Records drawn from a dataset
* * *

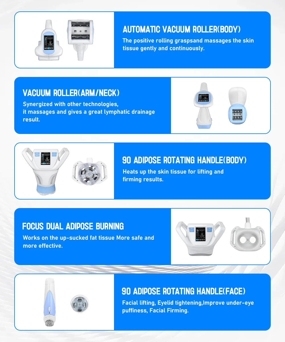 - Remodelarea corporală: Prin utilizarea tehnologiei de vacuum și RF, aparatul poate ajuta la îmbunătățirea conturului corporal prin reducerea grăsimii localizate și prin stimularea tonusului muscular.
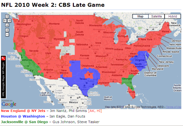 Other areas include Washington DC, Houston, Jacksonville and San Diego all of which will have teams playing at that time as well, on CBS. (Although at this time, the San Diego game is in danger of being blacked out in Southern CA.)
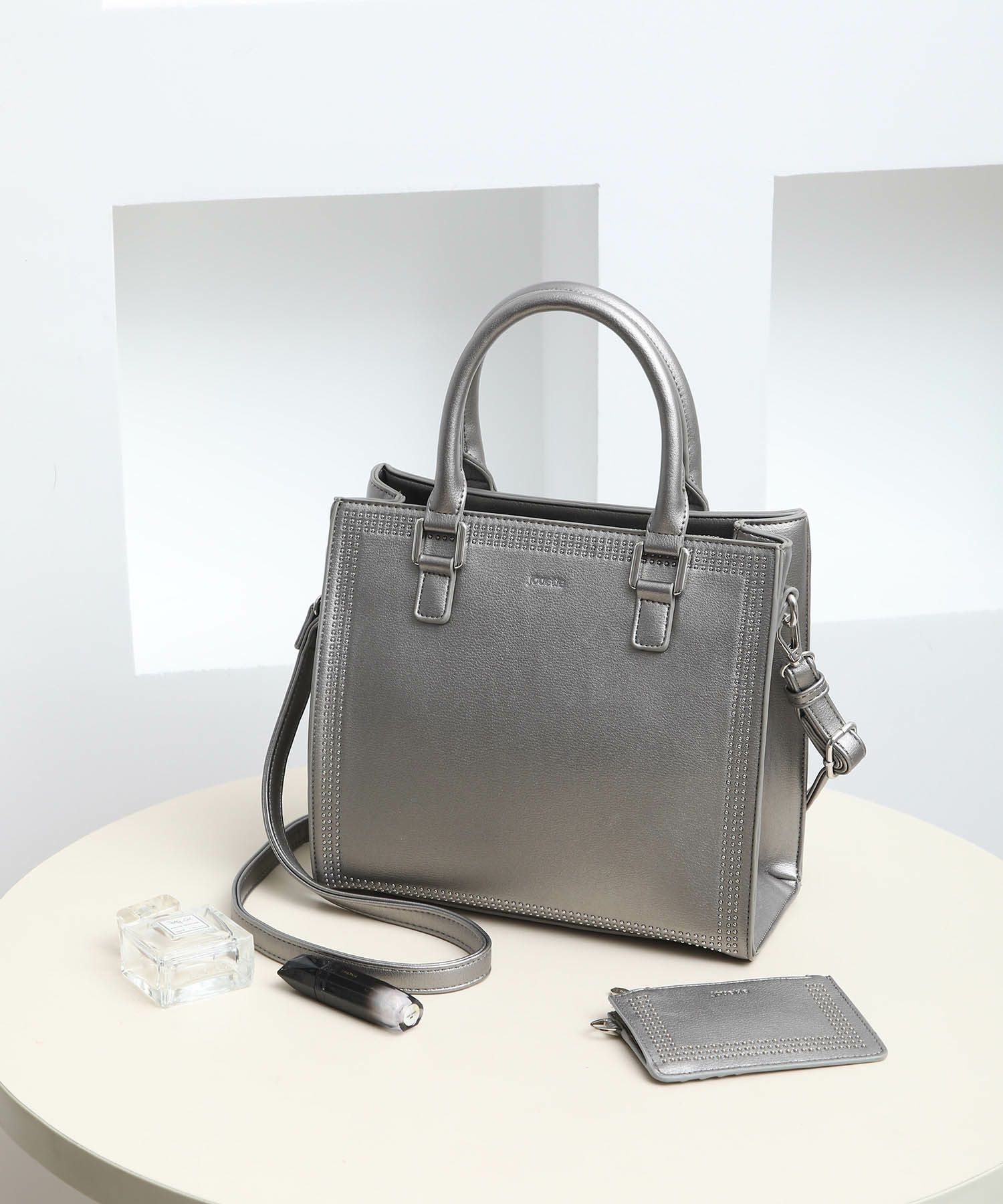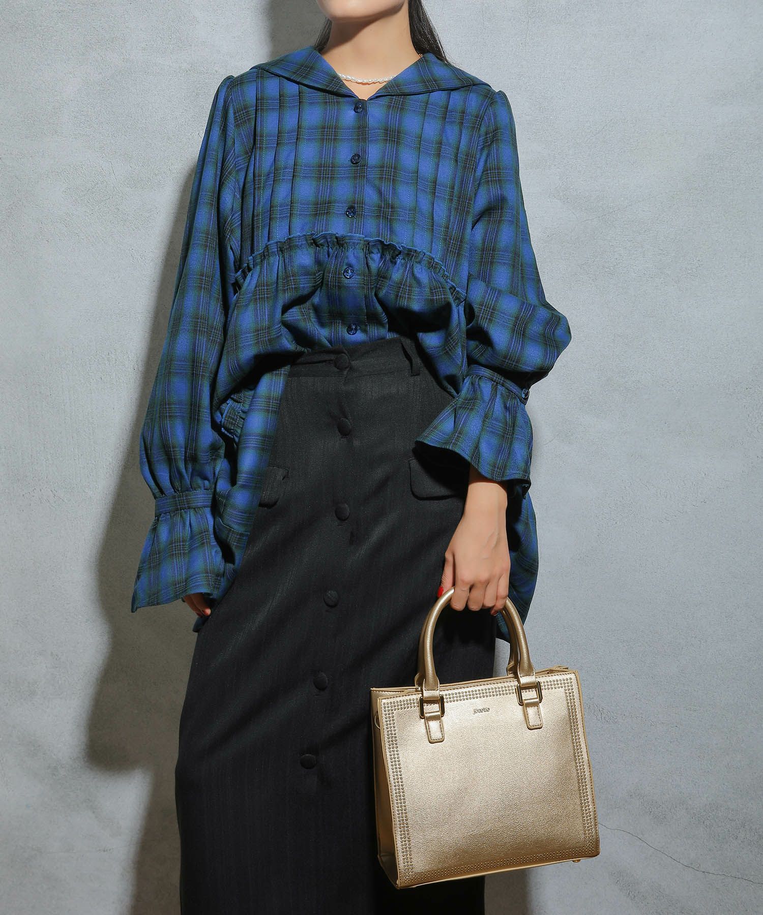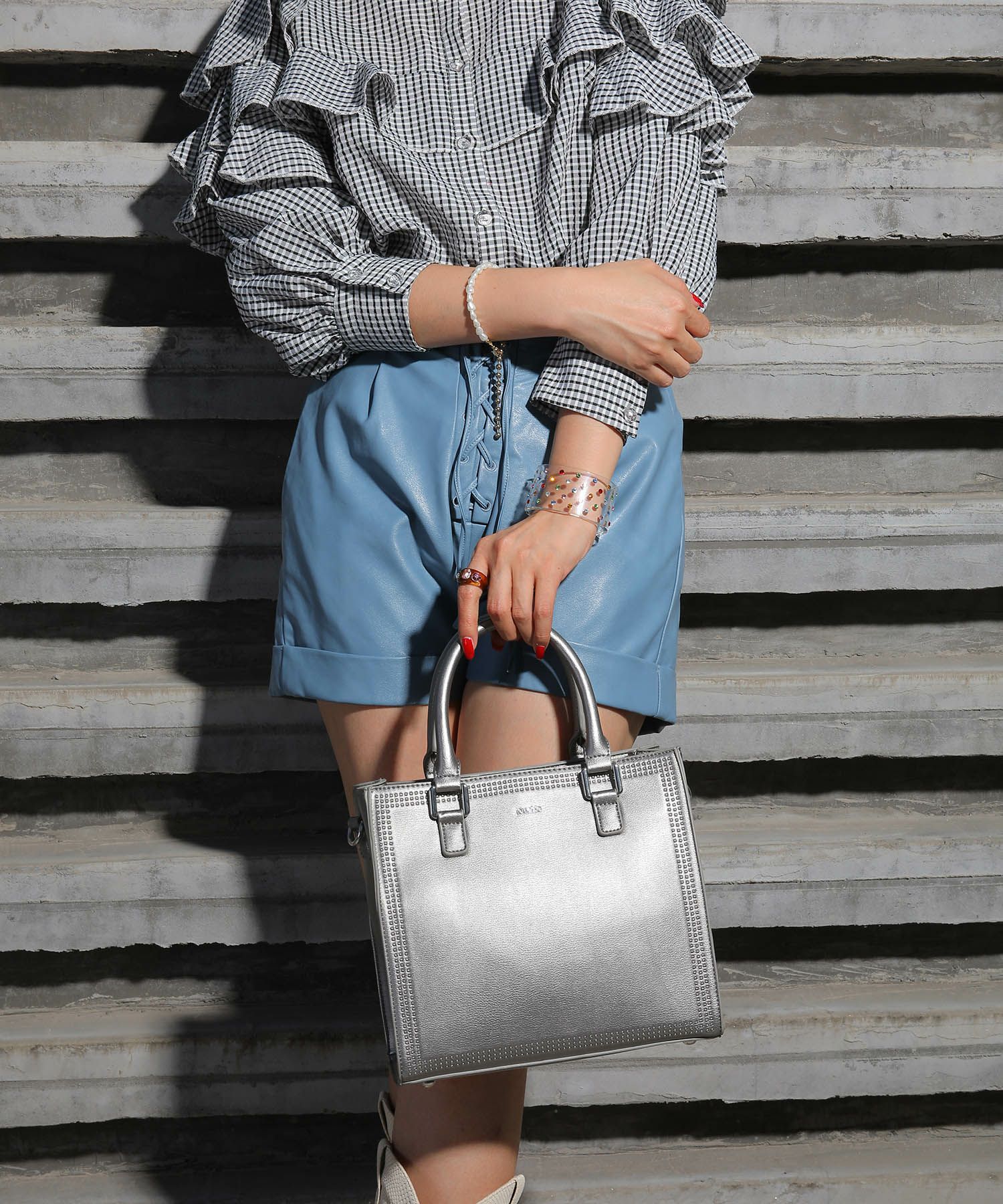 トレンドのスクエア型を意識した、モードカジュアルな雰囲気の中にもフォルムが上品なのでちょっとしたフォーマルな場でも引けを取らないデザイン。
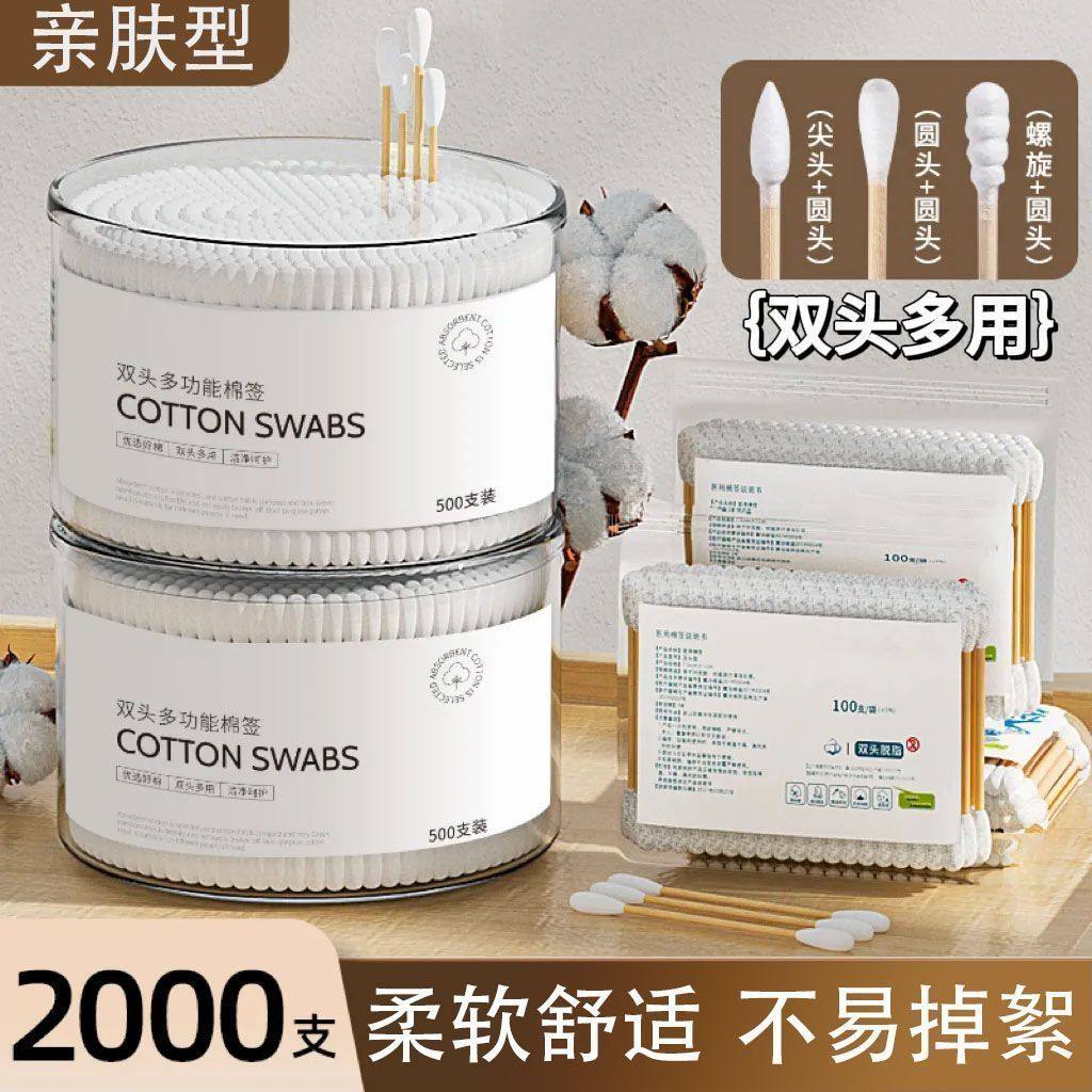 双头棉签化妆卸妆用棉签棉棒掏耳朵家用一次性尖头竹棒棉球清洁棉
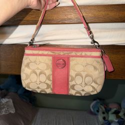 Coach Mini Purse Brown Monogram Wristlet Pink Trim Small Bag Y2K Style$65Santa Ana, CA
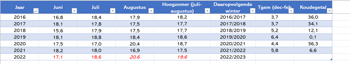 Juli, die met 18,6 graden al wat warmer was. Terwijl augustus met 20,1 graden Celsius, zoals het er nu naar uitziet, er nog een schep bovenop doet.
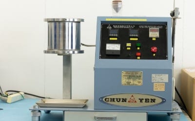 シート製造する上で必要となる熱可塑性樹脂の溶融時粘度(流動性)を測定する設備です。
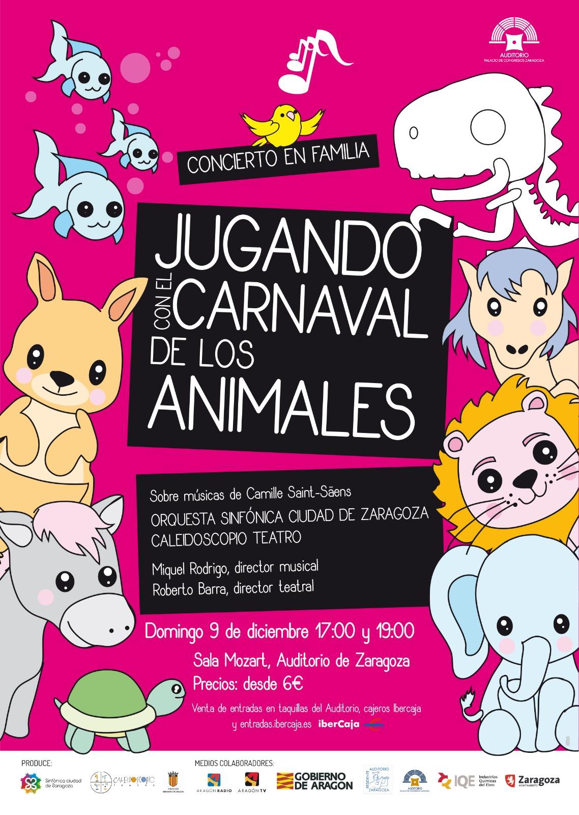 La Sinfónica Ciudad de Zaragoza, orquesta residente en el Auditorio de Zaragoza, y la compañía aragonesa Caleidoscopio Teatro vuelven a unirse para ofrecer el próximo 9 de diciembre el concierto en familia "Jugando con el carnaval de los animales", un proyecto que junta música y teatro en una propuesta de acercamiento a las artes escénicas de accesibilidad universal.

* * *

- [PROBLEM REQUIREMENTS]:
What is needed is an exact repetition of every entry, without the pictures.

- [RESULT BELOW]:
 - Remodelarea corporală: Prin utilizarea tehnologiei de vacuum și RF, aparatul poate ajuta la îmbunătățirea conturului corporal prin reducerea grăsimii localizate și prin stimularea tonusului muscular.
 Other areas include Washington DC, Houston, Jacksonville and San Diego all of which will have teams playing at that time as well, on CBS. (Although at this time, the San Diego game is in danger of being blacked out in Southern CA.)
 トレンドのスクエア型を意識した、モードカジュアルな雰囲気の中にもフォルムが上品なのでちょっとしたフォーマルな場でも引けを取らないデザイン。
 双头棉签化妆卸妆用棉签棉棒掏耳朵家用一次性尖头竹棒棉球清洁棉
 Coach Mini Purse Brown Monogram Wristlet Pink Trim Small Bag Y2K Style$65Santa Ana, CA
 Juli, die met 18,6 graden al wat warmer was. Terwijl augustus met 20,1 graden Celsius, zoals het er nu naar uitziet, er nog een schep bovenop doet.
 シート製造する上で必要となる熱可塑性樹脂の溶融時粘度(流動性)を測定する設備です。
 La Sinfónica Ciudad de Zaragoza, orquesta residente en el Auditorio de Zaragoza, y la compañía aragonesa Caleidoscopio Teatro vuelven a unirse para ofrecer el próximo 9 de diciembre el concierto en familia "Jugando con el carnaval de los animales", un proyecto que junta música y teatro en una propuesta de acercamiento a las artes escénicas de accesibilidad universal.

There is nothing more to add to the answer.